* PROBLEM DETAILS:
Find the line that contains "300W 主機 + 3 轉換插頭 + 延長線 全套" in the records below, then repeat exactly that line and each one after it, leaving pictures out.

MATERIAL FOR THIS EXERCISE Block Start

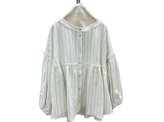 ayane mid summer ご予約 ピンストライプボリュームスリーブシャツ 836619 納期6月上旬~6月中旬
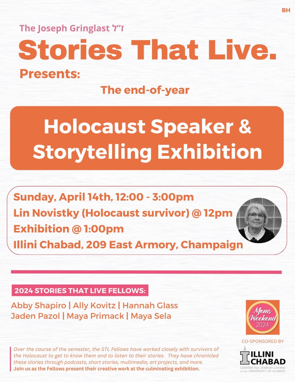 Come and hear Holocaust Survivor Lin Novistky speak about her experience at 12P, followed by an Exhibition created by the Stories That Live fellows. Over the course of the semester, the STL Fellows have worked closely with survivors of the Holocaust to get to know them and to listen to their stories. They have chronicled these stories through podcasts, short stories, multimedia, art projects, and more.
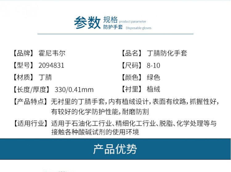 Honeywell/霍尼韋爾 2094831 防滑耐油耐磨手套 丁腈橡膠洗碗防化手套 石油化工化學(xué)處理等行業(yè)適用
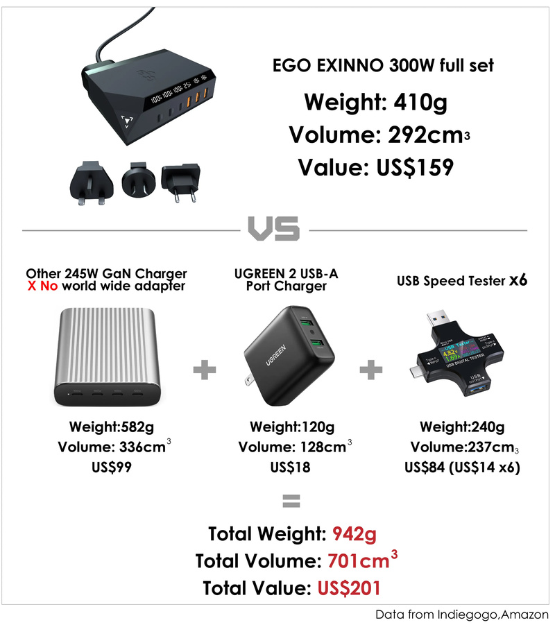 300W 主機 + 3 轉換插頭 + 延長線 全套
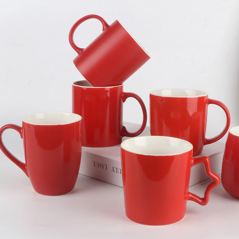 Simple Red Ceramic Mug Single Piece Solid Color For Office Home Or Couple Use
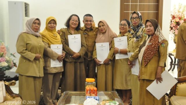 SULTENG RAYA- Wali Kota Palu Hadianto Rasyid, menyerahkan Surat Keputusan (SK) kepada 12...

MATERIAL FOR THIS EXERCISE Block End

* ANSWER TO THIS PROBLEM:
 300W 主機 + 3 轉換插頭 + 延長線 全套
 Simple Red Ceramic Mug Single Piece Solid Color For Office Home Or Couple Use
 SULTENG RAYA- Wali Kota Palu Hadianto Rasyid, menyerahkan Surat Keputusan (SK) kepada 12...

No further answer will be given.